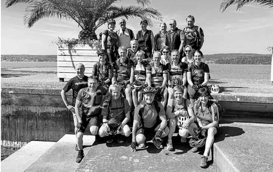
Die Teilnehmer in Überlingen

seine Schwäbischprüfung ablegen. In fast akzentfreiem Schwäbisch artikulierte er: „Mole mol a Mole no“. Nach dem Biosphärengebiet Truppenübungsplatz Münsingen gab es noch eine letzte Kaffeepause im Campingplatz Böhningen, bevor wir dann am Sonntagabend das Spadi erreichten, wo wir die gelungene Pflugstradtour gemütlich ausklingen ließen. Und siehe da, es blieb beide Tage Regen frei. Helmut Meyer
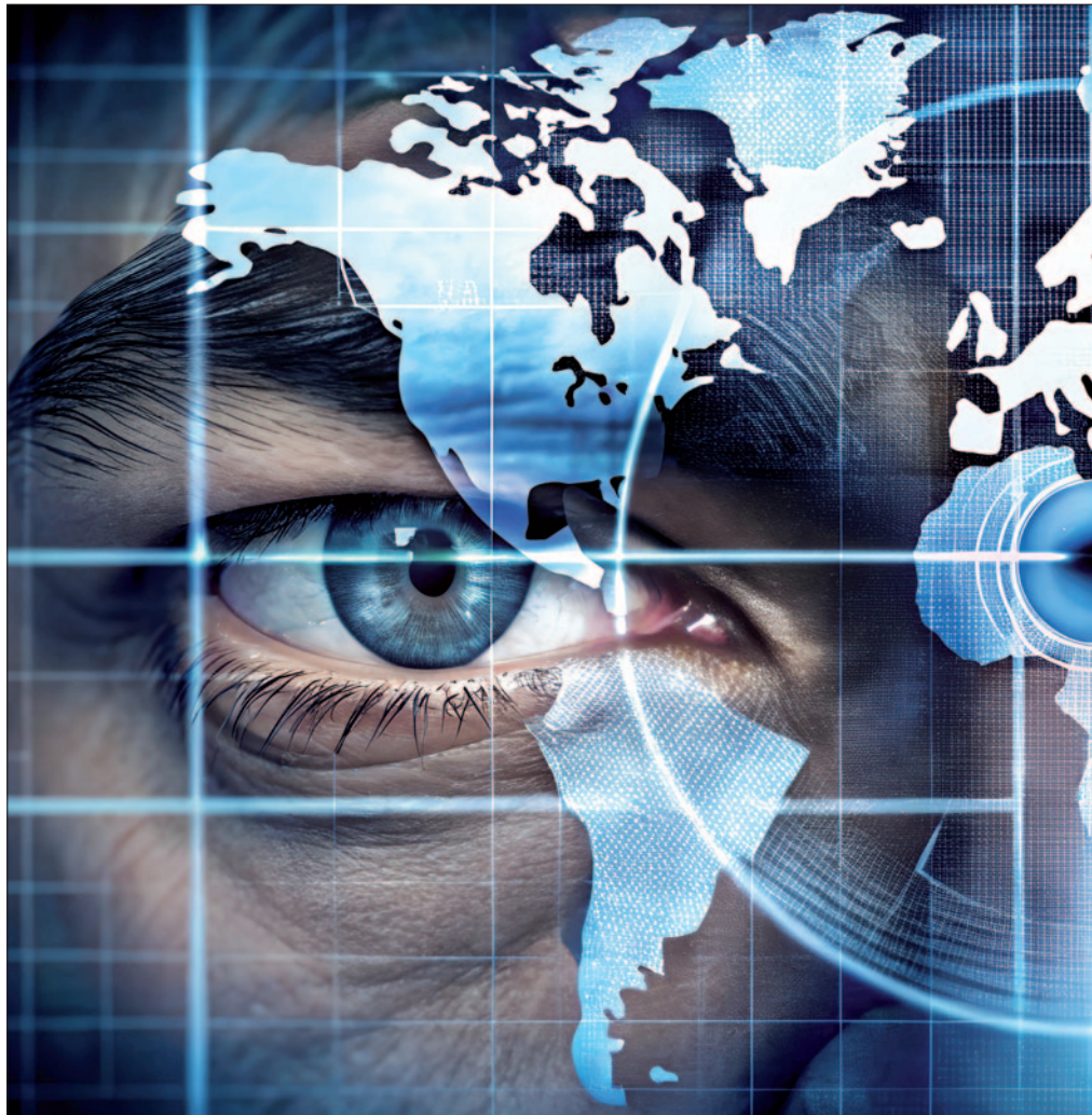
Die Zielfahnder des Bundeskriminalamts fahnden weltweit nach flüchtigen Straftätern

Zielfahndung in Österreich. Beginnend in der Projektphase 2002 wurde die Zielfahndung zu einer erfolgreichen Einheit mit 347 Festnahmen seit ihrer Gründung. Unter den Festgenommenen 320 Männern und 27 Frauen be-
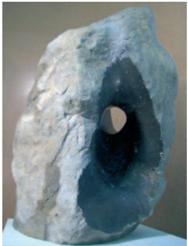
Le caractère, Jurakalk 52 x 25 x 23 cm

■ **Work instruction**:
With the pictures left out, output the lines from the one containing "Die Zielfahnder des" through the last line of the records above, exactly as they are.

■ **Output below**:
Die Zielfahnder des Bundeskriminalamts fahnden weltweit nach flüchtigen Straftätern

Zielfahndung in Österreich. Beginnend in der Projektphase 2002 wurde die Zielfahndung zu einer erfolgreichen Einheit mit 347 Festnahmen seit ihrer Gründung. Unter den Festgenommenen 320 Männern und 27 Frauen be-
Le caractère, Jurakalk 52 x 25 x 23 cm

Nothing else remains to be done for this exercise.